Proving that $f_2+f_4+\cdots+f_{2n}=f_{2n+1}-1$ for Fibonacci numbers by induction

Given: $f_1 = f_2 = 1$ and for $n \in\mathbb{N}$, $f_{n+2} =f_{n+1} + f_n$.

Prove that $f_2 + f_4 + \dots + f_{2n} = f_{2n+1}- 1$.

Would you start with setting $f_2 + f_4 + \dots + f_{2n}= a_n$?

Then for the base case let $a_1=1$ LHS$=1$ and RHS$=2-1=1$ so base case holds.
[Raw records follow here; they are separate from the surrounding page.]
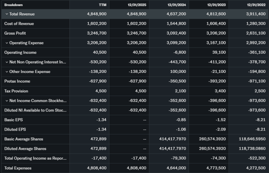 Trailing P/E sits negative at -0.86 due to losses. Forward P/E not meaningful yet. Price-to-Sales around 0.2, very low.
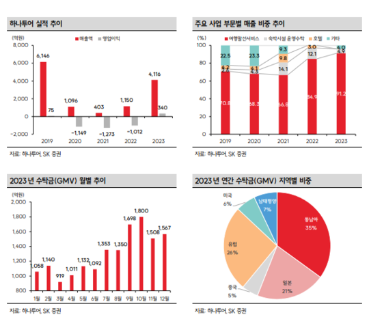 하나투어는 2023년 매출액 4116억원으로 전년 대비 258% 증가하고, 영업이익은 340억원으로 흑자전환을 기록하며 코로나19 로 인한 후유증을 완전히 떨쳐냈다는 평가다.
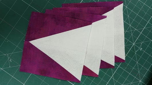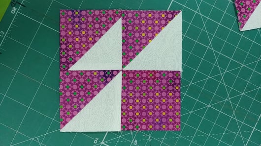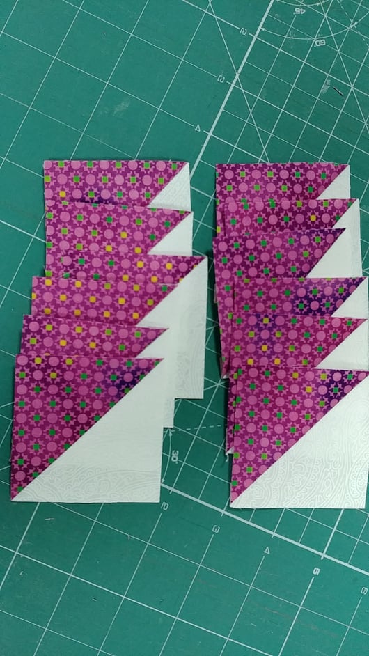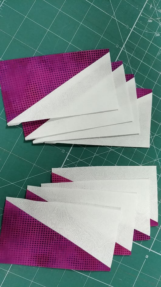 Als nächstes folgen die Half Square Triangles (HST), ihr kennt sie vielleicht auch als "Halbquadratdreiecke".

Then the inductive hypothesis: Assume $f_2 + f_4 + \dots + f_{2n} = f_{2n+1}- 1$

$\textbf{NTS}$: $f_2 + f_4 + \dots + f_{2n} +f_{2n+2} = f_{2n+3}- 1$

Inductive step: By inductive hypothesis $f_2 + f_4 + \dots + f_{2n}=f_{2n+1}- 1$

So $f_{2n+1}- 1+f_{2n+1}$=$f_{2n+2}- 1$. As was to be shown.

Is this correct or did I need to show more algebra in my inductive step ?

• In your second line, you can just add the $-1$ over to the other side. The left-hand side collapses down to $f_{2n+1}$. – JasonM Jun 17 '16 at 4:31
• Possible duplicate of math.stackexchange.com/questions/787341/…. – lhf Jun 24 '16 at 0:57

Hint. The inductive step is rather $$f_2 + f_4 + \cdots + f_{2n}+\color{red}{f_{2n+2}}=\color{red}{f_{2n+3}}- 1,$$ then using the inductive hypothesis, we have to prove that $$f_{2n+1}-1+\color{red}{f_{2n+2}}=\color{red}{f_{2n+3}}- 1.$$ Can you take it from here?